Bom, vou contar meu segundo relato, é 100% real igual o anterior. Isso aconteceu quando eu tinha 23 anos e tinha terminado com minha namorada fazia pouco tempo. Sempre viajava no mesmo horário pra ir trabalhar e no ponto de ônibus sempre tinha a mesma senhora que viajava com a gente. Como já fazia um tempão que a gente se encontrava no ponto, já nos cumprimentávamos e, como falei antes, eu tinha brigado com minha namorada e já tava olhando pra senhora com outros olhos.
Ela era muito gostosa, linda, sempre bem perfumada, bem arrumada, tinha 40 anos na época. Um dia, pra criar mais intimidade, comecei a perguntar coisas sobre ela, a vida pessoal dela, se tinha filhos, marido, onde e com o que trabalhava. Só pra puxar assunto e ganhar confiança, pra ver se ela me dava bola.
Um dia, como sempre, cumprimentei ela no ponto e falei: "Nossa, que perfume gostoso você tá usando hoje, vai ter um encontro? Tá mais gostosa e linda que o normal" e soltei um "haha".
Ela respondeu: "Valeu, mas não, só me arrumei um pouco mais pra mudar a rotina e ver se alguém notava, e pelo visto deu certo" e riu.

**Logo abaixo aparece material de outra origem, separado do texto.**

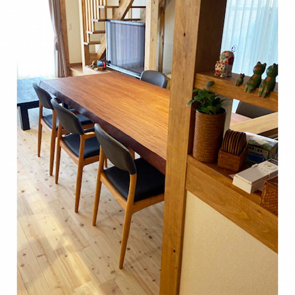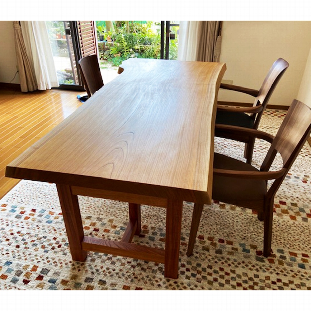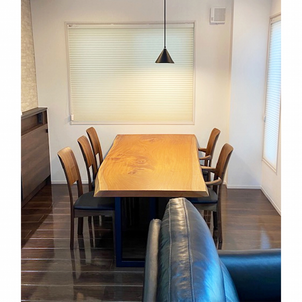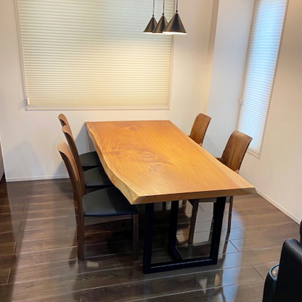 脚も同じケヤキの材でお作りできたので、より一層一体感のある素敵なダイニングに仕上がりました。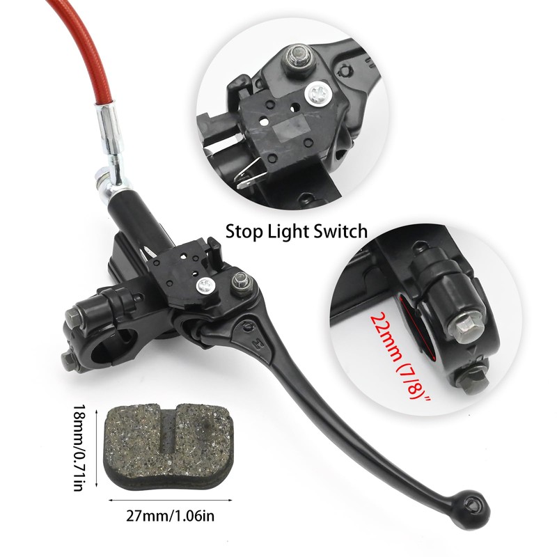 - Moderate Size: Designed for use on the left side of 7/8" handlebars, the brake hose measures 50 inches in length. The brake caliper features 2-inch center-to-center mount holes, suitable for most mini bikes' handlebars and mounting requirements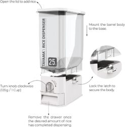 Tayama® Rice Dispenser is made from PP and ABS materials and is BPA Free. The slim and modern design allows you to keep the rice or other grains safe from insects, pests, mold and other contaminants. With a simple knob-turn, the process of storing and dispensing rice is made more convenient. The rice automatically dispenses out with a volume of 135g (1 cup) each time with ease, by simply the turn of the knob.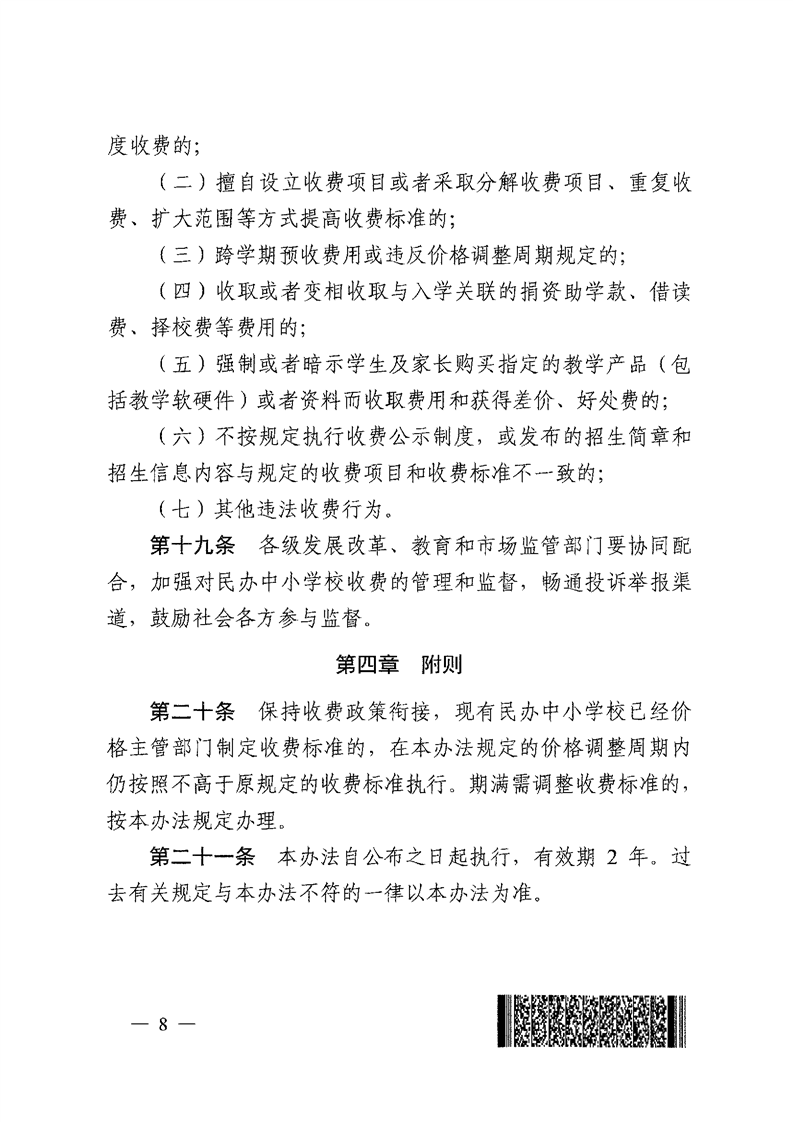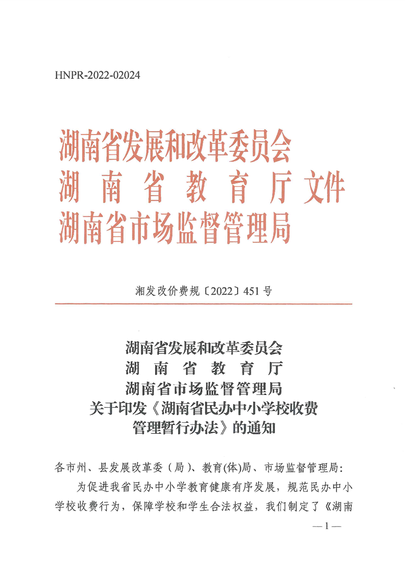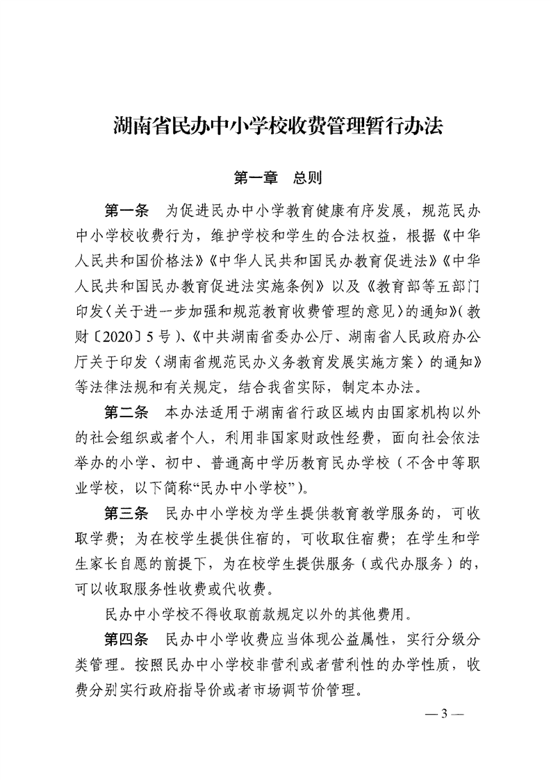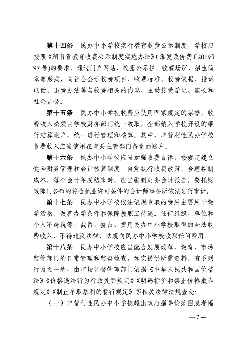 湘发改价费规〔2022〕451号湖南民办中小学收费管理暂行办法

"E quem não ia te olhar, né? Você é muito gostosa. Pena que não ia me dar bola por eu ser mais novo..."
"Haha, valeu, você é terrível, deve falar isso pra todas."
Essa resposta foi a melhor coisa que ouvi, quis dizer que ela gostou do que falei e tava me dando chance pras minhas intenções.
Respondi: "Só falo isso pras mulheres gostosas igual você. Se quiser, um dia a gente toma alguma coisa."
"Mmm, posso ser sua mãe", disse ela rindo.
"Pode, mas não é. Além disso, ir tomar algo não significa nada estranho, a não ser que você pense outra coisa." Já me joguei de vez.
"Não, claro que não é nada de mais."
"Beleza, então a gente combina e sai pra tomar algo."
"Respondeu: sábado não tô fazendo nada, se quiser a gente se vê."
"Beleza, então sábado no shopping de Moreno, que tal?"
"Sim, beleza, pra mim tá ótimo", e ela sorriu.
Eu tava tão feliz, não acreditava que uma mulher mais velha que eu tava me dando bola.
Bom, chegou o sábado no horário combinado, 22h, eu tava na porta. Do shopping, em 10 minutos ela chega: saia jeans justa, regata. Vale dizer que era verão.
— Oi, tudo bem? Falo.
— Oi, bem e você? Esperou muito?
— Não, acabei de chegar, 5 minutos.
— Ah, que bom, melhor. Vamos entrar?
— Sim, bora entrar porque aqui tá quente, haja.
— É, verdade, tá bem quente.
Entramos, fomos pra praça de alimentação e tava lotado, sem lugar e muito barulho.
— Uuh, não tem lugar. Ela fala.
— É, tá muito cheio. Quer tomar algo num lugar mais tranquilo?
— Sim, bora. Fora daqui, né?
— É, vamos caminhar um pouco e ver onde a gente toma algo.
— Beleza, bora.
Saímos do shopping e eu virei a caminhada pro lado do hotel que fica perto. Chegando na porta, falo:
— Aqui a gente podia tomar algo, só nós dois, tranquilo e com ar condicionado, haja.
— Haja, ia ser bom. Pena que você não teria coragem de entrar comigo.
— Quem disse que não?
— Sei lá, só falei.
— Vamos entrar? E peguei na mão dela.
Sem ver resistência, entramos, pedi um turno, subimos pro quarto, fechei a porta e beijei ela.
— Ué, assim que começa? Ela ri.
— É, assim que começa. Peço algo pra beber?
— Pode pedir o que quiser.
Peço uma cerveja porque ela não tomava champanhe. Trouxeram, a gente bebeu e começamos nos beijos, apalpando os peitos dela enquanto ela acariciava minha nuca e com a outra mão passava pelo meu peito até chegar na minha entreperna e fala:
— Uuf, como tá isso, lindo.
— Viu o que provocou? Não sei como vai abaixar isso agora.
— Agora vou ver como faço, e acho que você vai gostar.
— Beleza, quero ver agora.
Ela desabotoa minha calça, abaixa um pouco a cueca e tira meu pau pra fora, já duro e babando.
— Mmm, tá com babinha e bonitinho. Agora vou provar se é gostoso.
— Prova, fica à vontade, faz o que quiser, tá à sua disposição.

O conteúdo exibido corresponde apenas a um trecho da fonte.